Testing the sample code against a Azure OpenAI gpt-3.5 instance - I get this error, after a handful of tests seem to successfully run:

2024-09-18 11:35:09,227 pid:4610 MainThread giskard.scanner.logger ERROR    Detector LLMHarmfulContentDetector failed with error: the JSON object must be str, bytes or bytearray, not NoneType
Traceback (most recent call last):
  File "/opt/anaconda3/envs/giskard-env/lib/python3.11/site-packages/giskard/scanner/scanner.py", line 162, in _run_detectors
    detected_issues = detector.run(model, dataset, features=features)
                      ^^^^^^^^^^^^^^^^^^^^^^^^^^^^^^^^^^^^^^^^^^^^^^^
  File "/opt/anaconda3/envs/giskard-env/lib/python3.11/site-packages/giskard/scanner/llm/base.py", line 77, in run
    eval_dataset = dg.generate_dataset(model, self.num_samples)

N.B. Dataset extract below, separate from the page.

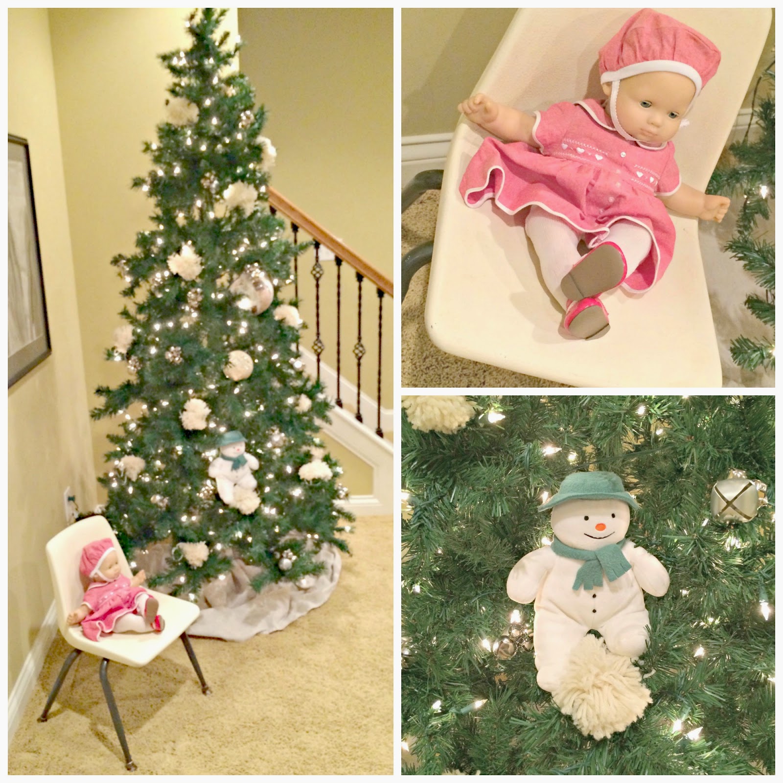 Since I knew they wouldn't be with us for Christmas, I put up a tree and brought out some festive decorations. To keep the tree simple and safe, I scattered giant pom pom yarn ornaments, clusters of various sized jingle bells, two handmade glitter ornaments and a snowman on the tree. The snowman would greet LG at eye level. As it turned out, they all loved the decorations and LG had a great time carrying around the snowman and using his pointer finger to jingle the bells on the tree.
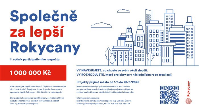 Máte nápad, jak vylepšit Rokycany? Město otevírá druhý ročník participativního rozpočtu Společně za lepší Rokycany a dává obyvatelům možnost přímo rozhodnout o investicích do veřejného prostoru. Na realizaci vítězných projektů, které navrhnou sami občané, radnice vyčlenila jeden milion korun.

                   ^^^^^^^^^^^^^^^^^^^^^^^^^^^^^^^^^^^^^^^^^^^^
  File "/opt/anaconda3/envs/giskard-env/lib/python3.11/site-packages/giskard/llm/generators/base.py", line 72, in generate_dataset
    generated = self._parse_output(out)
                ^^^^^^^^^^^^^^^^^^^^^^^
  File "/opt/anaconda3/envs/giskard-env/lib/python3.11/site-packages/giskard/llm/generators/base.py", line 85, in _parse_output
    data = json.loads(raw_output.content)
           ^^^^^^^^^^^^^^^^^^^^^^^^^^^^^^
  File "/opt/anaconda3/envs/giskard-env/lib/python3.11/json/__init__.py", line 339, in loads
    raise TypeError(f'the JSON object must be str, bytes or bytearray, '
TypeError: the JSON object must be str, bytes or bytearray, not NoneType
Traceback (most recent call last):
  File "/Users/labuser/giskard_azure_openai.py", line 82, in <module>
    scan_results = giskard.scan(giskard_model, raise_exceptions=True)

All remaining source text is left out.